→ **What this task involves**: Word for word, copy the records and drop the pictures.

→ **Data extracted from a collection**:
=-=-=

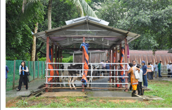
বার্ড প্রদর্শনী দুগ্ধ খামার উদ্বোধনের দিন Koica Bangladesh এর প্রতিনিধি ও বার্ডের কর্মকর্তাবৃন্দ
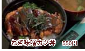
ねぎ味噌カツ丼 550円
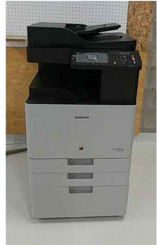
PC 3대 , APEX G 포스기, 복합기
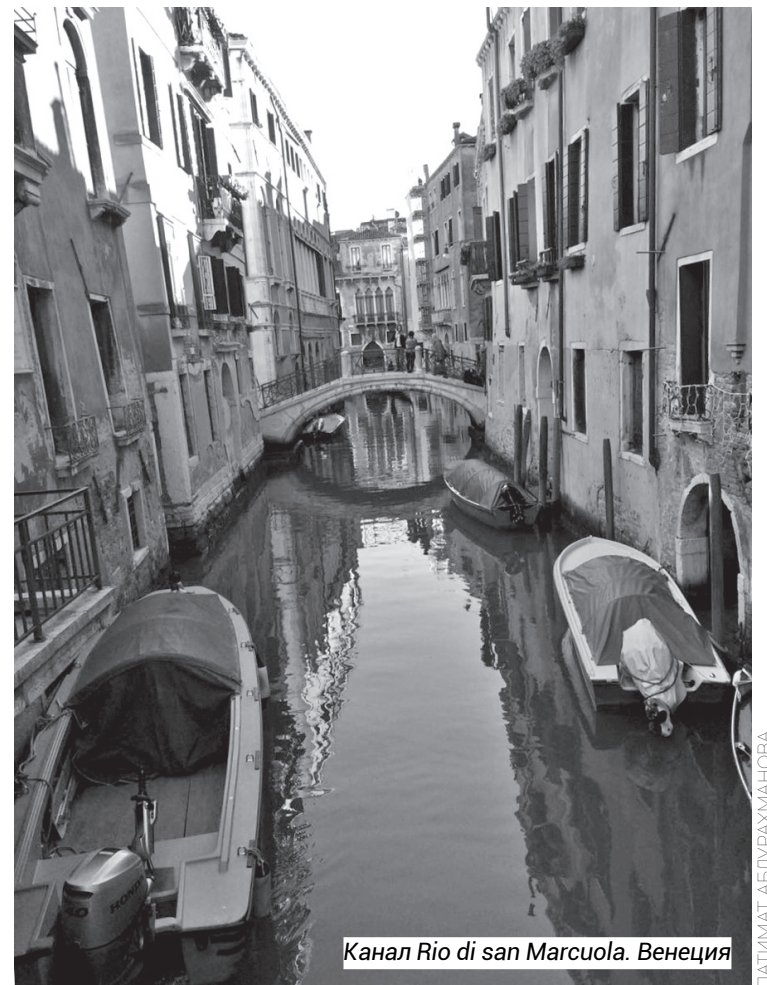
Канал Rio di san Marcuola. Венеция

На карте отелей Booking трехзвездочные номера начинаются от двух тысяч в сутки, но их содержание не всегда для комфортного пребывания. Поищите варианты на Airbnb, возможно, по этой же цене вы найдете неплохую студию со всеми удобствами, и, к тому же, расположенную в неплохом районе. Плюсы жилья из Airbnb – колорит итальянской обстановки и декора, а также наличие контакта с хозяином дома, который раскроет еще больше лайфхаков.

=-=-=

→ **Answer space**:
বার্ড প্রদর্শনী দুগ্ধ খামার উদ্বোধনের দিন Koica Bangladesh এর প্রতিনিধি ও বার্ডের কর্মকর্তাবৃন্দ
ねぎ味噌カツ丼 550円
PC 3대 , APEX G 포스기, 복합기
Канал Rio di san Marcuola. Венеция

На карте отелей Booking трехзвездочные номера начинаются от двух тысяч в сутки, но их содержание не всегда для комфортного пребывания. Поищите варианты на Airbnb, возможно, по этой же цене вы найдете неплохую студию со всеми удобствами, и, к тому же, расположенную в неплохом районе. Плюсы жилья из Airbnb – колорит итальянской обстановки и декора, а также наличие контакта с хозяином дома, который раскроет еще больше лайфхаков.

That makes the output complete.